Breakdown and Weighted Sections
Dividing risk assessments into sections and assigning weighted scores to each section can improve the accuracy and effectiveness of the process. Consider the following:
- Sectional Approach: Break down risk assessments into specific sections such as client identity, source of funds, transaction details, and geographical risk. This allows for a more detailed and focused assessment.
- Weighted Scores: Assign weighted scores to different sections based on their importance. For example, a client’s geographical location might have a higher weight if they are from a high-risk country.
- Override System: Implement an override system that allows for adjustments based on the specific circumstances of each client. This ensures that the risk assessment is accurate and reflects the actual risk.
Evaluate Country Risks
Assessing country risks is a crucial part of client risk assessments, especially for clients with connections to high-risk jurisdictions. Steps include:
- High-Risk Countries List: Compile and regularly update a list of high-risk countries based on sources such as the Financial Action Task Force (FATF) and Transparency International.

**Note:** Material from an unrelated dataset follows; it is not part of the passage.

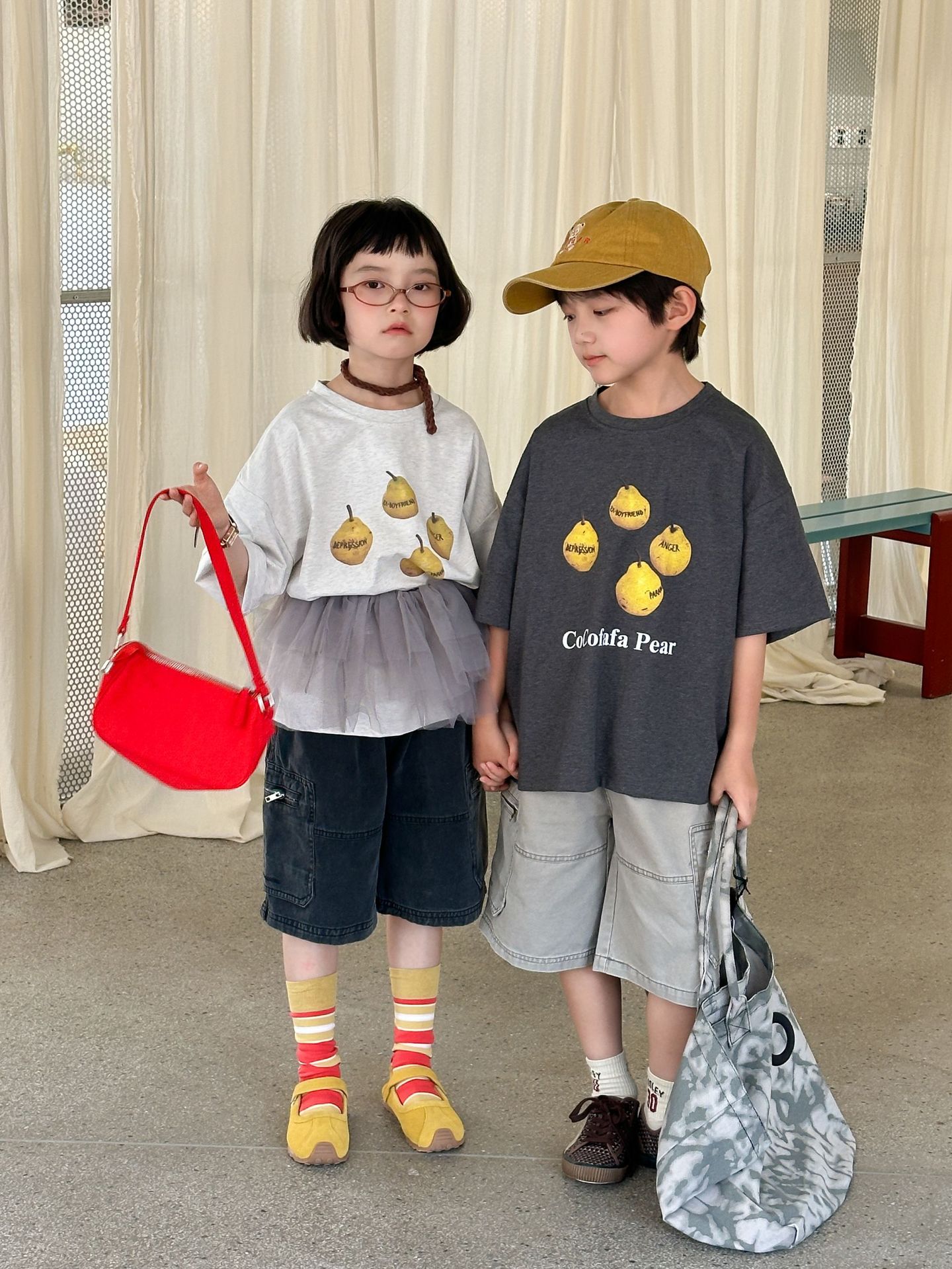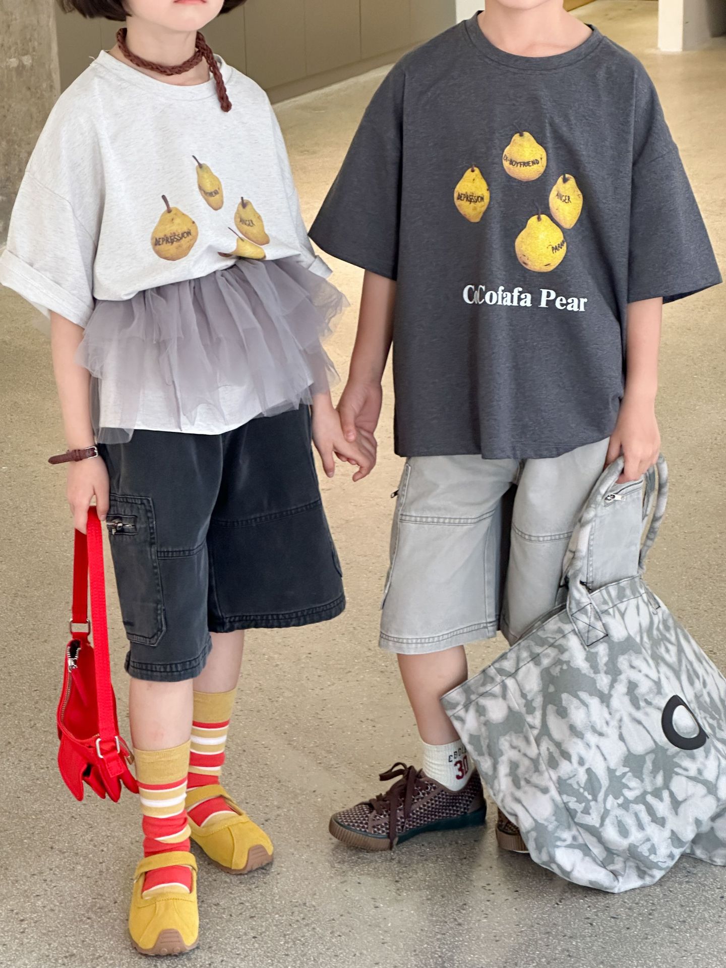 2025 년 여름 새로운 한국 스타일 어린이 중공업 오래된 캐주얼 바지 소년 소녀를위한 올매치 복고풍 유행 바지

- Country Risk Data Integration: Integrate country risk data into your risk assessment system. This allows for automatic risk scoring based on the client’s geographical connections.
- Enhanced Due Diligence (EDD): Apply enhanced due diligence for clients from high-risk countries. This includes additional checks and ongoing monitoring to mitigate the risk.
Use of Automation and AI
Leveraging automation and artificial intelligence (AI) can transform the risk assessment process by reducing manual effort and improving accuracy. Consider the following applications:
- Automating Repetitive Tasks: Use automation to handle repetitive tasks such as data entry, verification, and monitoring. This frees up staff to focus on more complex and value-added activities.
- AI-Powered Risk Assessments: Implement AI-powered tools that can analyse large volumes of data and identify patterns indicative of money laundering or terrorist financing. AI can provide real-time alerts and insights, enhancing the overall effectiveness of the risk assessment process.
- Continuous Improvement: Use AI to continuously improve the risk assessment process by learning from past assessments and outcomes. This ensures that the system adapts and evolves to address emerging risks.
Conclusion
Improving client risk assessments is not just about compliance; it’s about transforming the way law firms operate. By investing in modern tools and technologies, firms can streamline their processes, reduce administrative burdens, and enhance client satisfaction. The benefits extend beyond compliance, leading to increased revenue, better risk management, and a stronger reputation. Legal firms that embrace these improvements are well-positioned to thrive in an increasingly regulated and competitive environment.